### Entries supplied:
Segment Open
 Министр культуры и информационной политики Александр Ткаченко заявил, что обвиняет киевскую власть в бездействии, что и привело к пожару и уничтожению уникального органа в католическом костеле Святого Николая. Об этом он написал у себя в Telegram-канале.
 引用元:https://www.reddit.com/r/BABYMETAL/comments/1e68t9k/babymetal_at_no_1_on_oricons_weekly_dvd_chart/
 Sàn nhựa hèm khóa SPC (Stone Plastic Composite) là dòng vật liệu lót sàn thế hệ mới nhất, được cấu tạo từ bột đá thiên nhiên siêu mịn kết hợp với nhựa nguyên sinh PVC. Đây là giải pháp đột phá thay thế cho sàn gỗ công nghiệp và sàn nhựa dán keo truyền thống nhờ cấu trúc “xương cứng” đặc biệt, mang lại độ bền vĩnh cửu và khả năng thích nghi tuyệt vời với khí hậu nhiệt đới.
Segment Closed
Segment Open
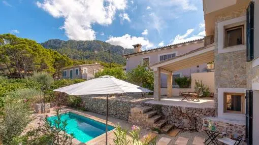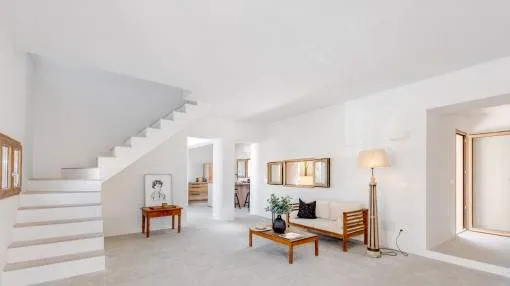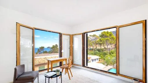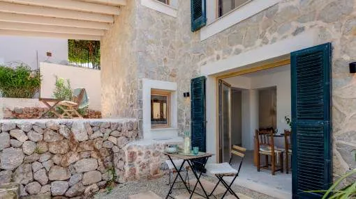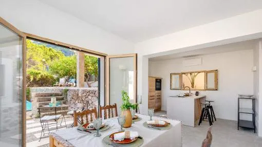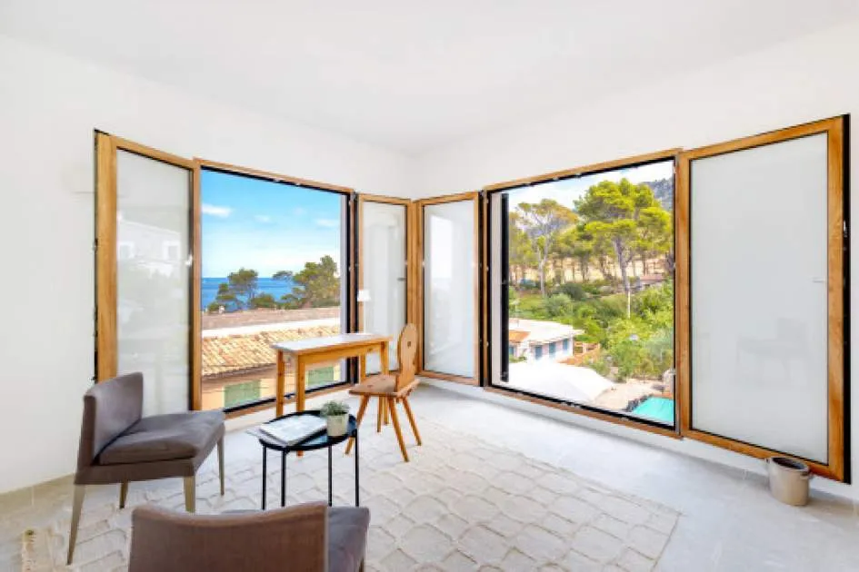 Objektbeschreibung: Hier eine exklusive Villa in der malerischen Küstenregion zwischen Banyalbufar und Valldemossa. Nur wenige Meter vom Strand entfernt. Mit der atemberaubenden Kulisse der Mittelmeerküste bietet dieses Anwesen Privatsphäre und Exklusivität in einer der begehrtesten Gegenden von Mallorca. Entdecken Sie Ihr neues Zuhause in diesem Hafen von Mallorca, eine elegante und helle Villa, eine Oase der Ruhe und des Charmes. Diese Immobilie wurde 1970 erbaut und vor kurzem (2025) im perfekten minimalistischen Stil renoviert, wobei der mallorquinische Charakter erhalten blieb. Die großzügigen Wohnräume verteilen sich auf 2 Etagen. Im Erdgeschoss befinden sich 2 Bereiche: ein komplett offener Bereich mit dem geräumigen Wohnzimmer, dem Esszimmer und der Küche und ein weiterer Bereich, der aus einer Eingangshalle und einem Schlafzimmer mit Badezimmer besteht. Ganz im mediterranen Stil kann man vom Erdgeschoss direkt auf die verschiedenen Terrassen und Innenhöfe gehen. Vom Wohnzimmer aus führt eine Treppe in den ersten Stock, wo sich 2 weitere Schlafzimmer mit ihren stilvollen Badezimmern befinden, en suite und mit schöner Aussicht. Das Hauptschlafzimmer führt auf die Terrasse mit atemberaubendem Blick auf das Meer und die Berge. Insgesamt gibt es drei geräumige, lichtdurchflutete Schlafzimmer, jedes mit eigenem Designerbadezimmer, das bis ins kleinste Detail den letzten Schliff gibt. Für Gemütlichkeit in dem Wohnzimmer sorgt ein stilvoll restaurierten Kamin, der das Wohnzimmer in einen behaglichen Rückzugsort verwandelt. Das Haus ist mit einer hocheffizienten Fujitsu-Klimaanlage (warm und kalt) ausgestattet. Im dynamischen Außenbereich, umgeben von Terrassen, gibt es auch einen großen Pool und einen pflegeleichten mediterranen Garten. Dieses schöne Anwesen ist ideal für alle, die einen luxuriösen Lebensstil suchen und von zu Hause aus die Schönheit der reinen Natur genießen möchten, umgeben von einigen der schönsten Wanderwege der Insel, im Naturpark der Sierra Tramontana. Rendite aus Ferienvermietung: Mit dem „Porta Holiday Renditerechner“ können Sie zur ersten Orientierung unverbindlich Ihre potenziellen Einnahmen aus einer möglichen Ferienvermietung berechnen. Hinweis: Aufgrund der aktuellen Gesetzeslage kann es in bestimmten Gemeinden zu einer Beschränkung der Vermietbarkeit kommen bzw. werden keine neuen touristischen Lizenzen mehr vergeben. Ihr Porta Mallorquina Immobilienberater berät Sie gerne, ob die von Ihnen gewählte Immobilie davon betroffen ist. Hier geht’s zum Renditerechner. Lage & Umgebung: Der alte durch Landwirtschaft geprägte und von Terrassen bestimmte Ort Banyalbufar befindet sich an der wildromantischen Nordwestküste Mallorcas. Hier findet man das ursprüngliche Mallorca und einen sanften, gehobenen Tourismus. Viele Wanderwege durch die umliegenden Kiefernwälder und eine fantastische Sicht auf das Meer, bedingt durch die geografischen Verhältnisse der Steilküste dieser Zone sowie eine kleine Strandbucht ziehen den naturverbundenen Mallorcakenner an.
Segment Closed
### Your assignment:
All that is wanted is a faithful reproduction of the line above with "Министр культуры и", the line with "引用元:https://ww", and every line in between.

### Expected answer:
 Министр культуры и информационной политики Александр Ткаченко заявил, что обвиняет киевскую власть в бездействии, что и привело к пожару и уничтожению уникального органа в католическом костеле Святого Николая. Об этом он написал у себя в Telegram-канале.
 引用元:https://www.reddit.com/r/BABYMETAL/comments/1e68t9k/babymetal_at_no_1_on_oricons_weekly_dvd_chart/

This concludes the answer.